● DATA PROVIDED

■ ■ ■ ■ ■

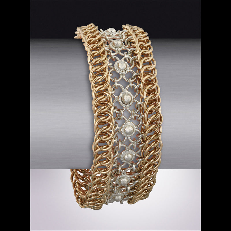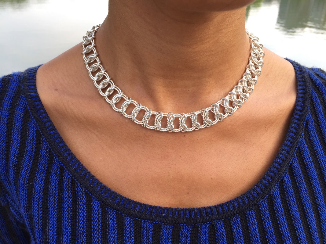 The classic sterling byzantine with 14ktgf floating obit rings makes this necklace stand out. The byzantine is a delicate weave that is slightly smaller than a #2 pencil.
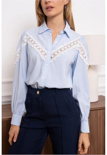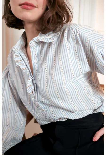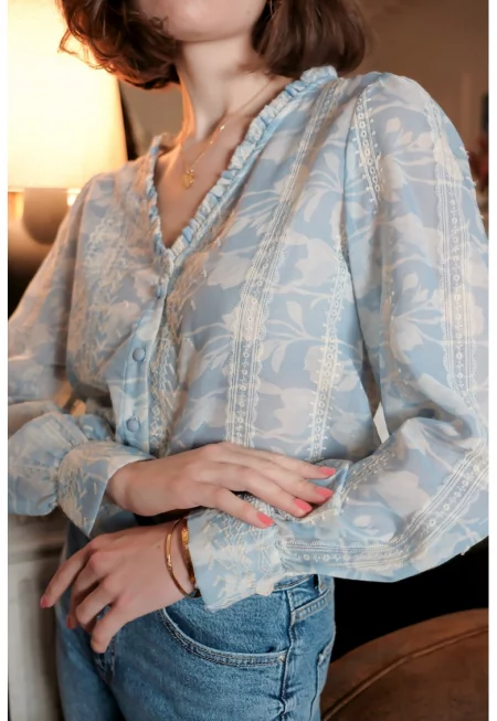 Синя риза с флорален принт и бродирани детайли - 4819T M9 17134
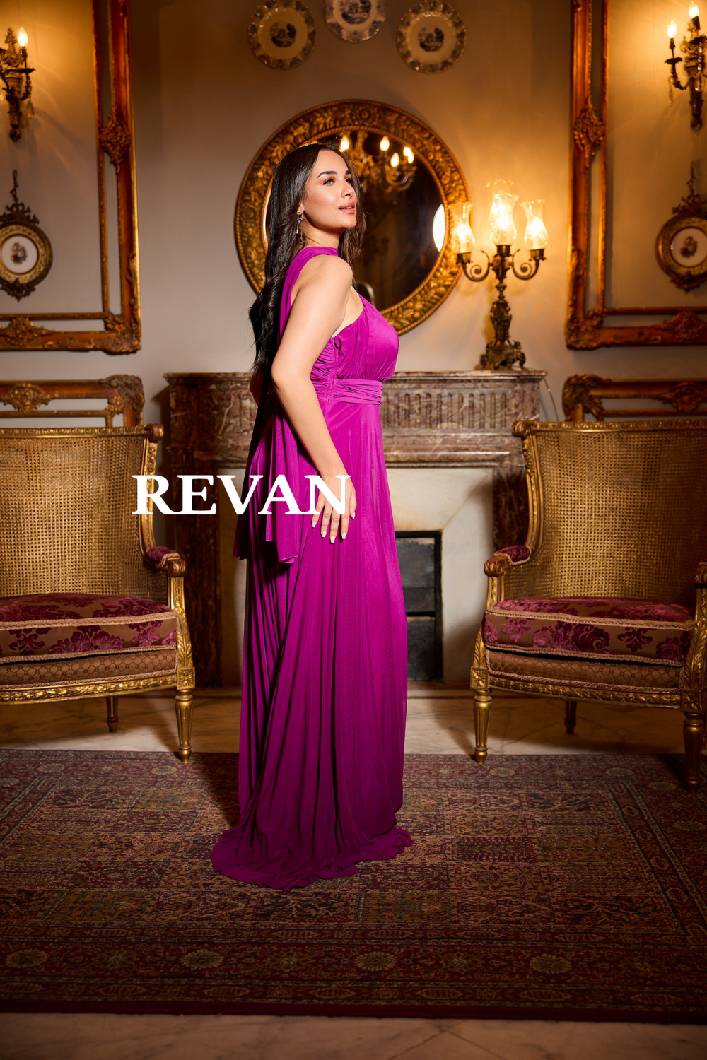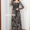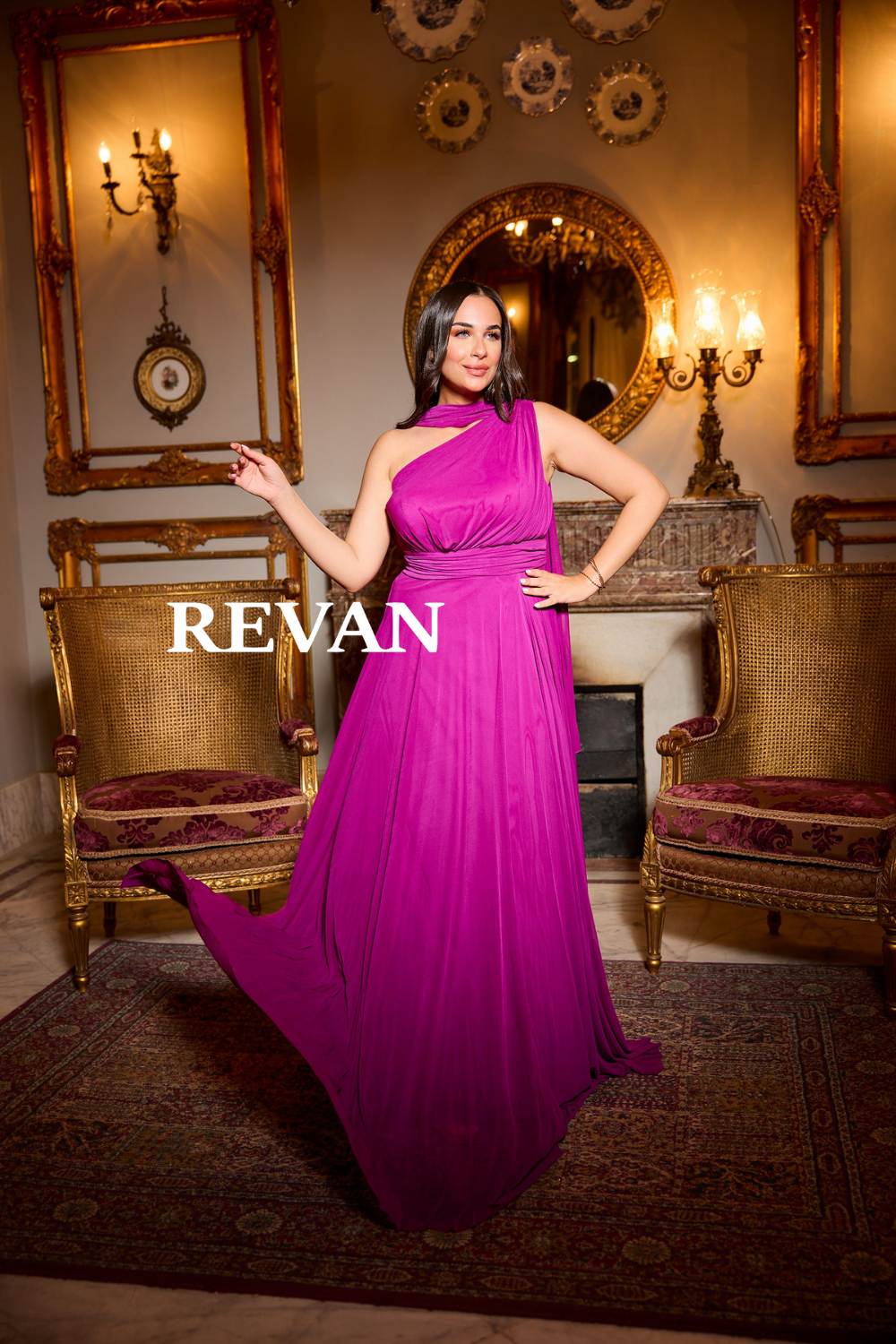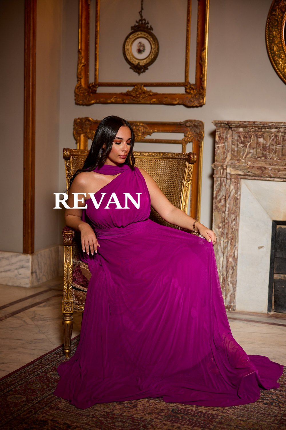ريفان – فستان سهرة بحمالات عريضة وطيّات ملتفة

■ ■ ■ ■ ■

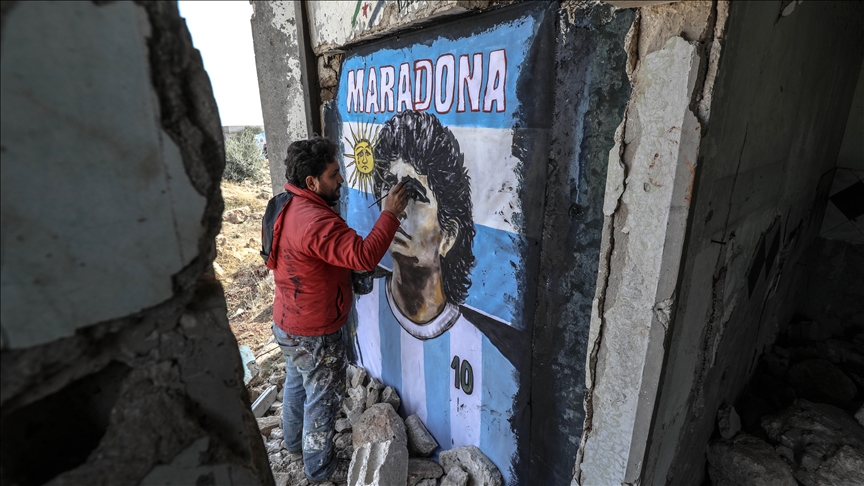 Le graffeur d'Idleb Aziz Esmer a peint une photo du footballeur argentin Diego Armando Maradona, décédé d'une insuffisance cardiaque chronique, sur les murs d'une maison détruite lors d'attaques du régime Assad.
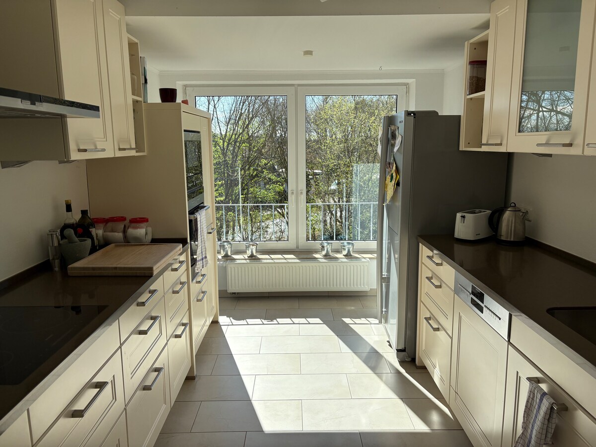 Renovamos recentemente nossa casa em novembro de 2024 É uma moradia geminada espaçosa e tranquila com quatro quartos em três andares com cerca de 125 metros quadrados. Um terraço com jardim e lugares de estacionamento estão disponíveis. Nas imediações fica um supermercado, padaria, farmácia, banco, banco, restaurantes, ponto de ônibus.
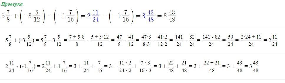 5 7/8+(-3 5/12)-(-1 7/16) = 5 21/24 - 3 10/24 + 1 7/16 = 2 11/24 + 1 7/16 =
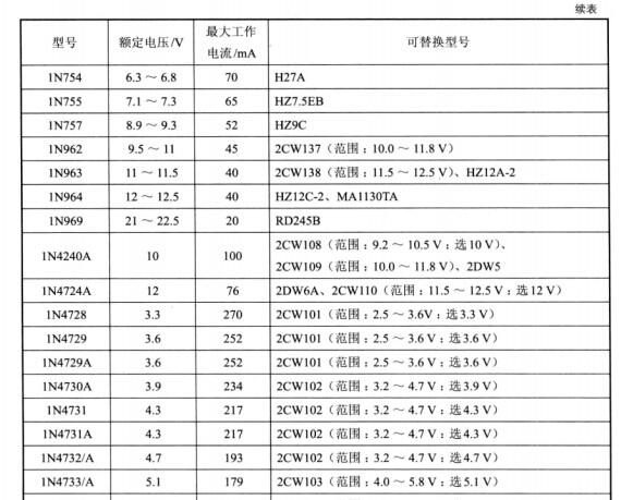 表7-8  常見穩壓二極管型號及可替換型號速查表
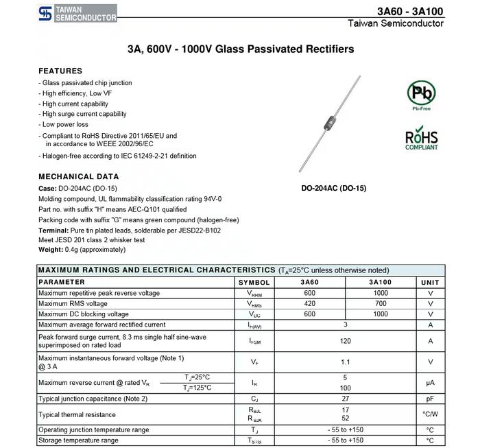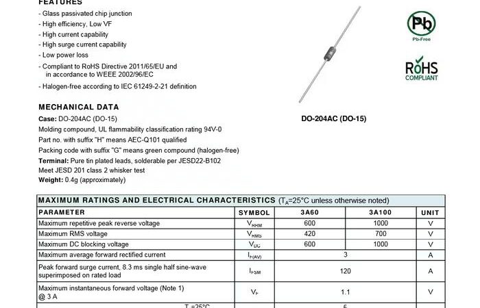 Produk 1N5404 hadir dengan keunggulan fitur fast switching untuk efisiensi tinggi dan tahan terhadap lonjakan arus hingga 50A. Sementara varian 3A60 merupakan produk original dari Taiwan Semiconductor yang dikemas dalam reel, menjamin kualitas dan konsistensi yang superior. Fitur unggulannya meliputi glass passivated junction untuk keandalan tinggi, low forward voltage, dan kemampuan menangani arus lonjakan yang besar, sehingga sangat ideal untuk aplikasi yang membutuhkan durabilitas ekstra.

■ ■ ■ ■ ■

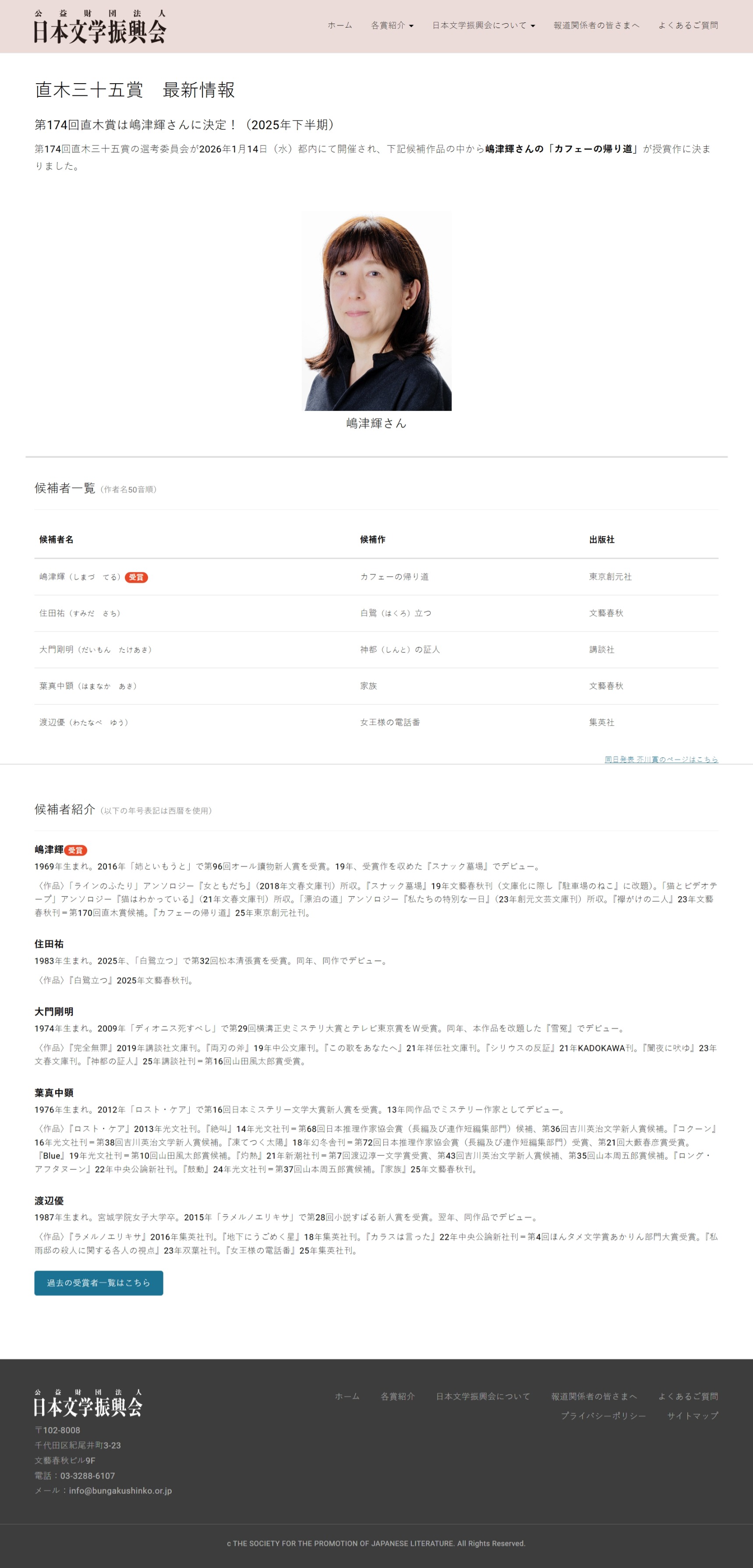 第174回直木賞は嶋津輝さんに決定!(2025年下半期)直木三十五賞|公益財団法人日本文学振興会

■ ■ ■ ■ ■

● DESCRIPTION OF THE TASK
Only the lines starting at the one that includes "The classic sterling" and ending at the one that includes "ريفان – فستان سهرة بحمالات عريضة وطيّات ملتفة" should be retyped, exactly, from the records above; no pictures.

● EXERCISE SOLUTION
 The classic sterling byzantine with 14ktgf floating obit rings makes this necklace stand out. The byzantine is a delicate weave that is slightly smaller than a #2 pencil.
 Синя риза с флорален принт и бродирани детайли - 4819T M9 17134
ريفان – فستان سهرة بحمالات عريضة وطيّات ملتفة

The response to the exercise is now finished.